__Data provided__:
=-=-=
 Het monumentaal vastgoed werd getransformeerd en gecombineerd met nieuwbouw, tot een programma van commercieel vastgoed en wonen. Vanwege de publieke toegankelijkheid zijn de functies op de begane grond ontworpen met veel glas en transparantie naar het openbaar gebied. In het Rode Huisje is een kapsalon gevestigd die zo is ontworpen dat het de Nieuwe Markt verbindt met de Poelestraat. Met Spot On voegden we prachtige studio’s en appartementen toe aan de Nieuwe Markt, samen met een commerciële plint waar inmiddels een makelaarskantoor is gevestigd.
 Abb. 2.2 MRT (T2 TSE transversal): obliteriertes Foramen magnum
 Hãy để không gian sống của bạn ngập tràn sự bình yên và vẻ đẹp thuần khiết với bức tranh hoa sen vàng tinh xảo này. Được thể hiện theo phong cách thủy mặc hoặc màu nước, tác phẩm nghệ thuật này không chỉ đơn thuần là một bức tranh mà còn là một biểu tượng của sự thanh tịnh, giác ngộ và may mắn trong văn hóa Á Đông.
=-=-=
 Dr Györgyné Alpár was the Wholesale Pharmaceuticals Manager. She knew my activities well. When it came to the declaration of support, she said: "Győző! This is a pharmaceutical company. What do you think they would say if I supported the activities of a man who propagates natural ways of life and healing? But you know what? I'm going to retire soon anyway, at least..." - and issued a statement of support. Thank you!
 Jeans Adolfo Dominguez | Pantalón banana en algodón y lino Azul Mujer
=-=-=
__Work required__: Going back over the entries above, copy word for word every line from the one that has "Het monumentaal vastgoed" on through the one that has "Abb. 2.2 MRT".

__Answer__:
 Het monumentaal vastgoed werd getransformeerd en gecombineerd met nieuwbouw, tot een programma van commercieel vastgoed en wonen. Vanwege de publieke toegankelijkheid zijn de functies op de begane grond ontworpen met veel glas en transparantie naar het openbaar gebied. In het Rode Huisje is een kapsalon gevestigd die zo is ontworpen dat het de Nieuwe Markt verbindt met de Poelestraat. Met Spot On voegden we prachtige studio’s en appartementen toe aan de Nieuwe Markt, samen met een commerciële plint waar inmiddels een makelaarskantoor is gevestigd.
 Abb. 2.2 MRT (T2 TSE transversal): obliteriertes Foramen magnum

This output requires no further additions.